Quand même, je trouve ça incroyable la confiance et l’énergie que ça donne que d’avoir une vie sexuelle satisfaisante, surtout après l’avoir longtemps mise de côté. Malgré la grisaille à l’extérieur, je m’active joyeusement dans mon appartement. J’ai commencé quelques projets d’écriture et ai même décidé de m’essayer à poser pour un projet de photographie ! C’est comme si la reconquête de mon plaisir était devenue un moteur à ma créativité, dans les dernières semaines.

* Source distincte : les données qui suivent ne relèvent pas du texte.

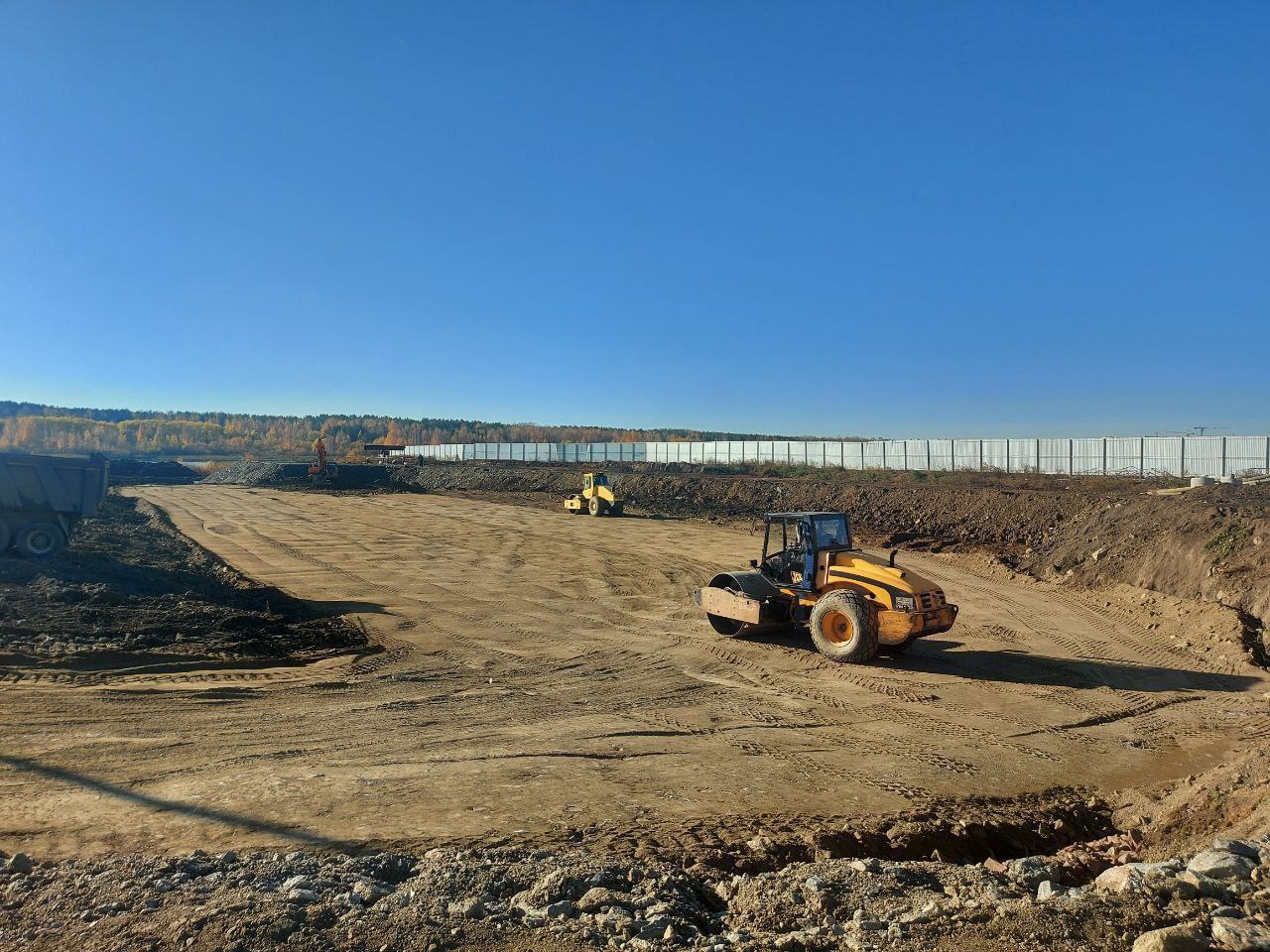 На сегодняшний день строительно-монтажные работы на объекте идут в соответствии с графиком. Проводится срезка почвенного слоя и отсыпка скальным грунтом, начались свайные работы.
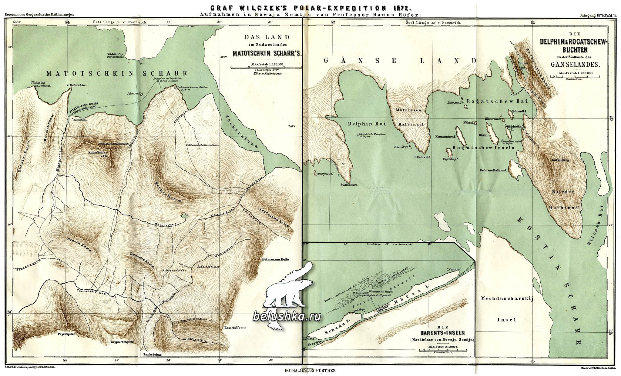 Идя самымъ малымъ ходомъ и все время измѣряя глубину, вошли въ Губу, которая, хотя и казалась гораздо уже показанной на картахъ, но по своему расположенію должна была быть Губой Бѣлушьей (на планѣ Моисѣева "Бѣлужья Губа", промышленники же называютъ ее "Бѣлушьей", производя это названіе оть "бѣлуха" — большой бѣловатый дельфинъ, живущій въ этихъ водахъ; Delphin Buchte — на австрійской картѣ). Войдя въ Губу, увидѣли на западномъ берегу ея, въ 2 миляхъ отъ входа, жилище самоѣдовъ, противъ котораго и стали на якорь.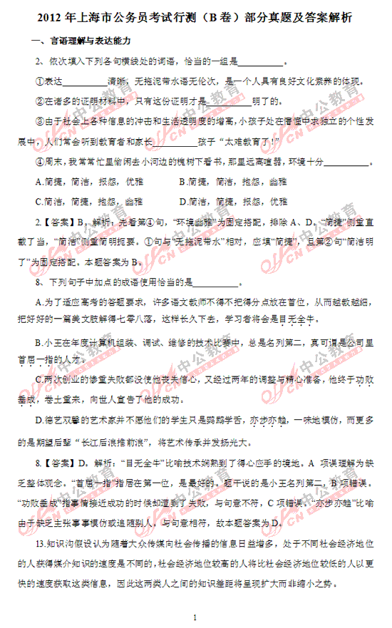 2012年上海市公務(wù)員考試行測(cè)(B卷)部分及答案解析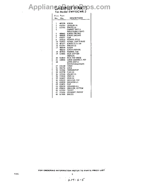 Parts for EWV10CWR2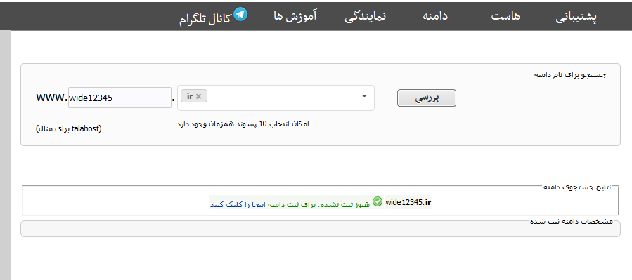 قبل از عملیات ثبت و خرید شما باید از آزاد بودن دامنه درخواستیتون مطمئن بشید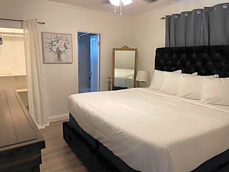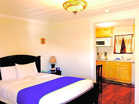This warmly decorated room includes a microwave, small fridge and a flat-screen cable TV. Some rooms have an interconnecting door to another queen room. There is free Wi-Fi.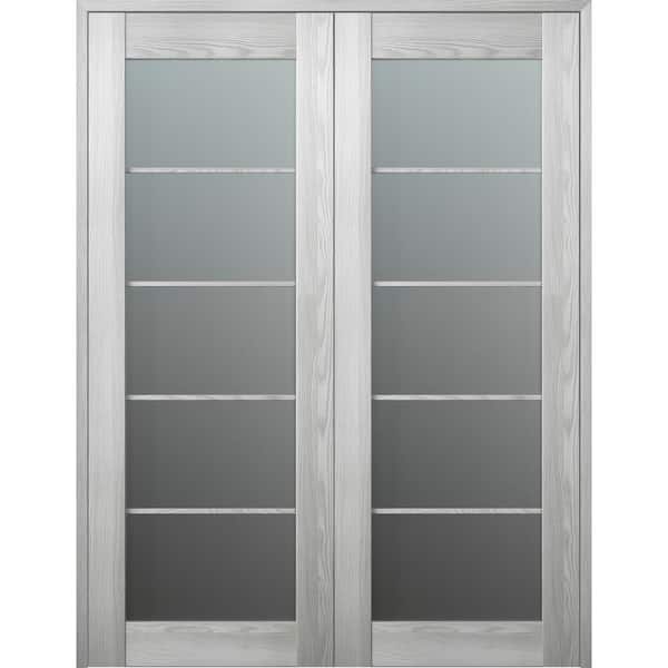 Vona 5 Lite 48 in.x 84 in. Both Active Frosted Glass Ribeira Ash Wood Composite Double Prehung French Door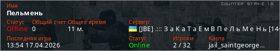 Играет на Counter Strike 1.6 сервере. Страна: УкраинаПервый раз замечен 00:29 11.04.2026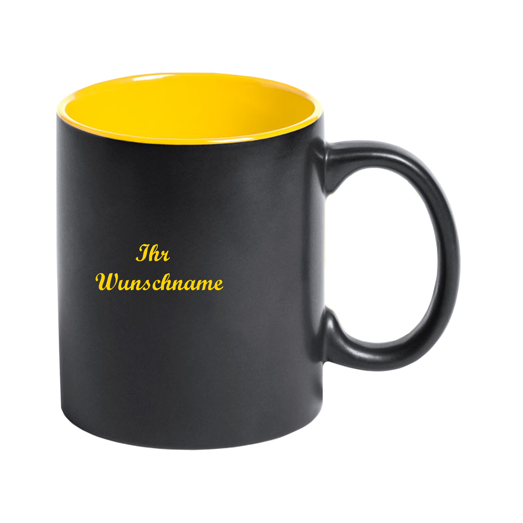 Keramiktasse mit Namensgravur - Kaffeetasse - 350ml - aussen schwarz,innen gelb

Dans mon salon, je sirote mon thé chaud et regarde mes cahiers étalés devant moi. Je rature, remanie et encercle quelques passages. J’essaie de monter un poème ou un texte intéressant pour accompagner la photo pour laquelle j’ai posé. Évidemment, les thèmes qui ressortent sont en lien avec la sexualité et le plaisir au féminin. Je suis incapable d’écrire sur un sujet qui ne m’habite pas, donc en ce moment c’est tout ce qui sort. Je lui envoie quelques-unes de mes idées par texto. J’obtiens une vague réponse de sa part. Ça m’irrite un peu, mais j’essaie de ne pas trop m’en faire.

Dans les dernières semaines, on s’est vus beaucoup et avec intensité. On a eu quelques discussions, mais on a surtout testé différentes surfaces de nos appartements : les murs, les comptoirs, la douche ou la table de cuisine. J’ai aussi beaucoup lavé mes draps. Le magnétisme des corps est une chose que l’on ne contrôle pas vraiment, paraît-il.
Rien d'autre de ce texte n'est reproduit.